↓
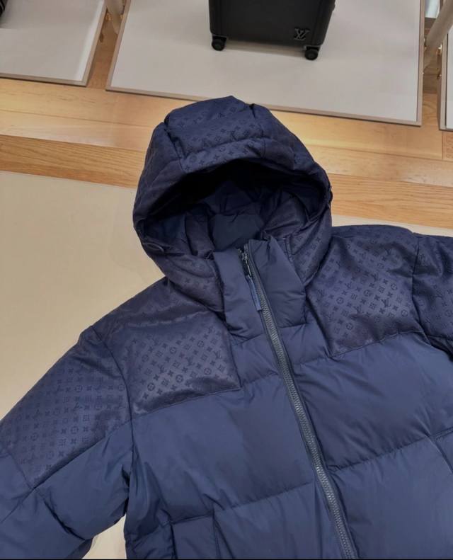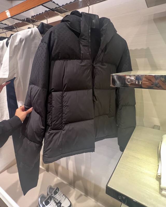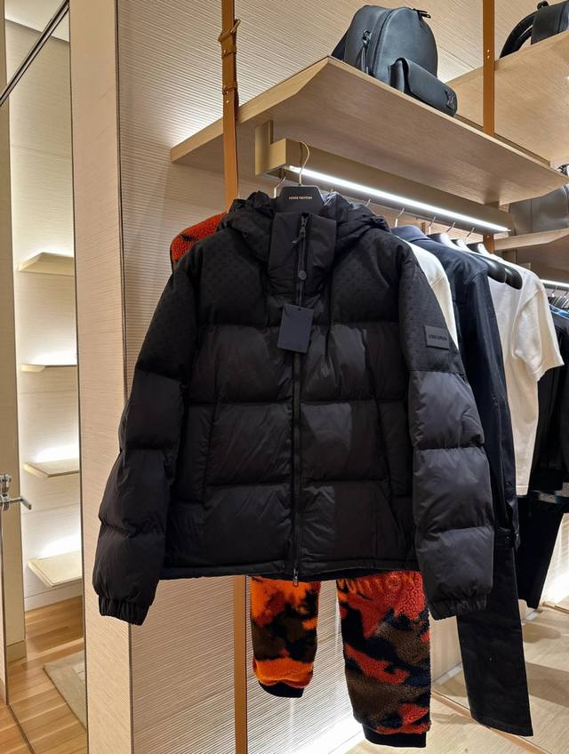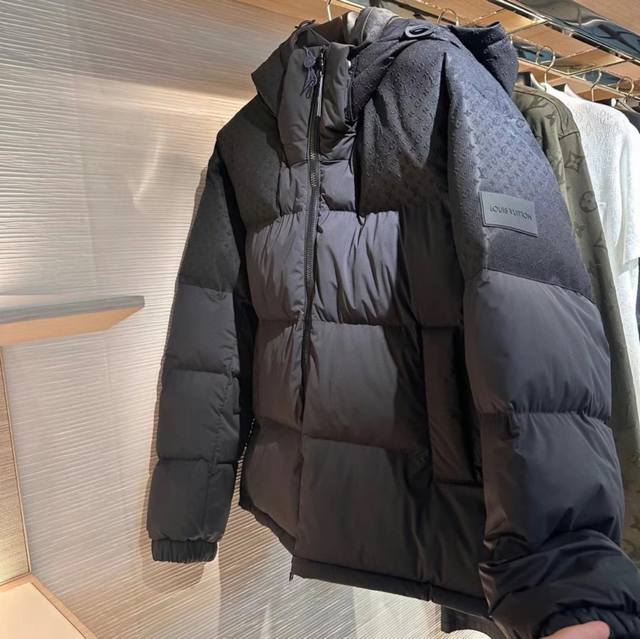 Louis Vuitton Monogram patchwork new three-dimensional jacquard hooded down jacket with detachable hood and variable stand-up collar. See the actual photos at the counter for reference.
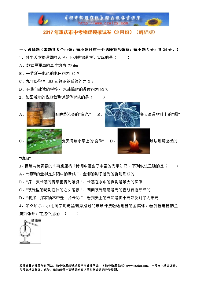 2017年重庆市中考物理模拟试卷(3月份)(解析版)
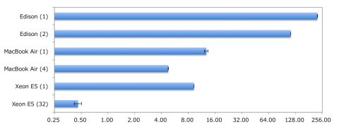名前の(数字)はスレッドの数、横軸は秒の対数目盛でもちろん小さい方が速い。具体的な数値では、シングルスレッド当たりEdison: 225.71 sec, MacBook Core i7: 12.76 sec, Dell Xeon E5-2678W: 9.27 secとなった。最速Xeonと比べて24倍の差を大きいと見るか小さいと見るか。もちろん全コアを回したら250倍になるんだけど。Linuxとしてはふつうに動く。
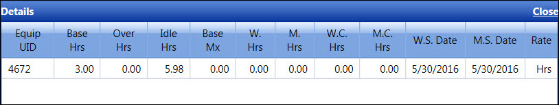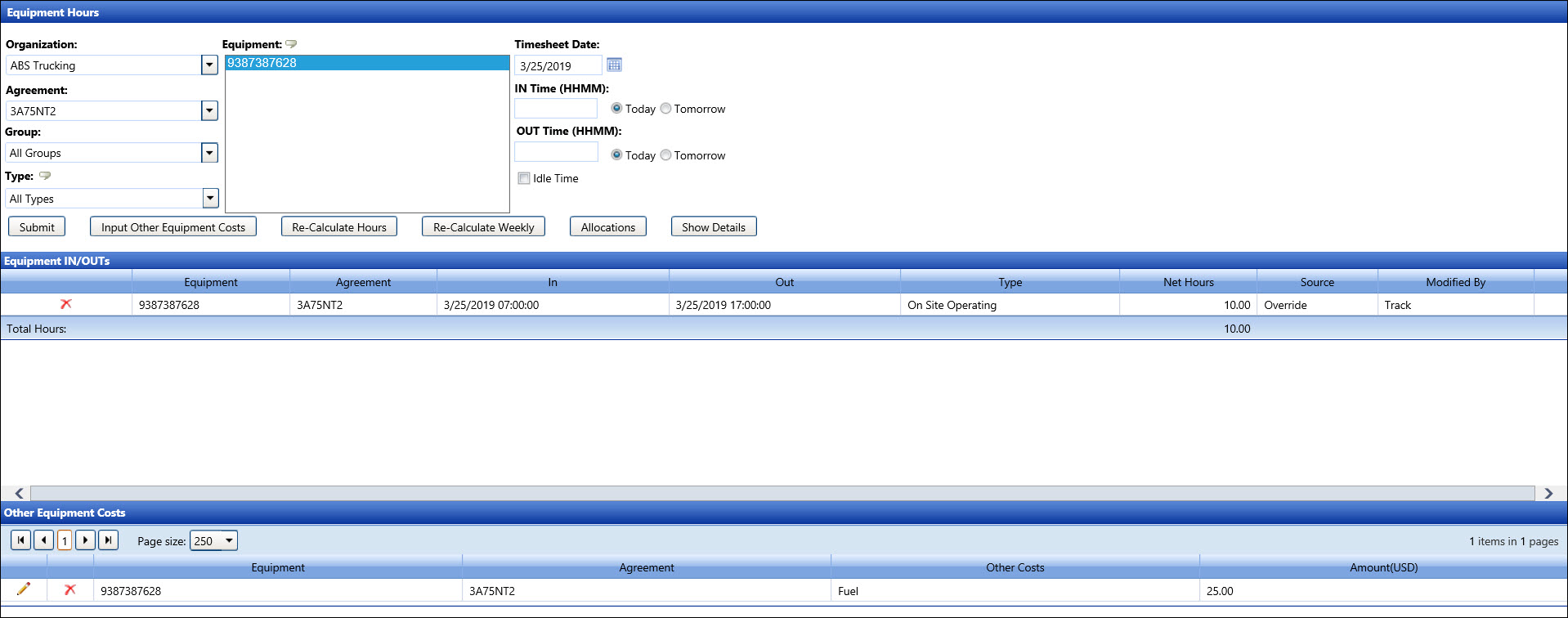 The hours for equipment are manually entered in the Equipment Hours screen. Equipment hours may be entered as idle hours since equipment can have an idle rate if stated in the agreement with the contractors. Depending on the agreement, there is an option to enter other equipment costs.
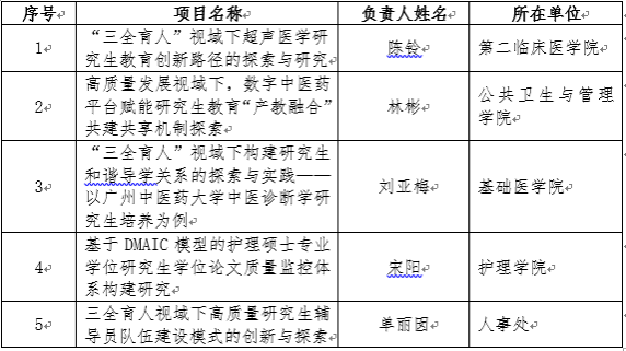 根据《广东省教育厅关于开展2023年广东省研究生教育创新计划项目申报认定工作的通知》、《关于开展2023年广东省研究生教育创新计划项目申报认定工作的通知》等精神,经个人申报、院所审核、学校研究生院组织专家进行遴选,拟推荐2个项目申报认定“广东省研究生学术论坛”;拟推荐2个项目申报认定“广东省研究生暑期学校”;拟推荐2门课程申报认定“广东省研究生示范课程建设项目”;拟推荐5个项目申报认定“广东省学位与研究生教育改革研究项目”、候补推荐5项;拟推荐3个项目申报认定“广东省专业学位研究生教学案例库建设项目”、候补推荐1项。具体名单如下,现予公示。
↑
__Directions__.
From the line containing "The hours for" through the last line of the data above, write out every line word for word, and nothing else. Do not include the pictures.

__Output__.
 The hours for equipment are manually entered in the Equipment Hours screen. Equipment hours may be entered as idle hours since equipment can have an idle rate if stated in the agreement with the contractors. Depending on the agreement, there is an option to enter other equipment costs.
 根据《广东省教育厅关于开展2023年广东省研究生教育创新计划项目申报认定工作的通知》、《关于开展2023年广东省研究生教育创新计划项目申报认定工作的通知》等精神,经个人申报、院所审核、学校研究生院组织专家进行遴选,拟推荐2个项目申报认定“广东省研究生学术论坛”;拟推荐2个项目申报认定“广东省研究生暑期学校”;拟推荐2门课程申报认定“广东省研究生示范课程建设项目”;拟推荐5个项目申报认定“广东省学位与研究生教育改革研究项目”、候补推荐5项;拟推荐3个项目申报认定“广东省专业学位研究生教学案例库建设项目”、候补推荐1项。具体名单如下,现予公示。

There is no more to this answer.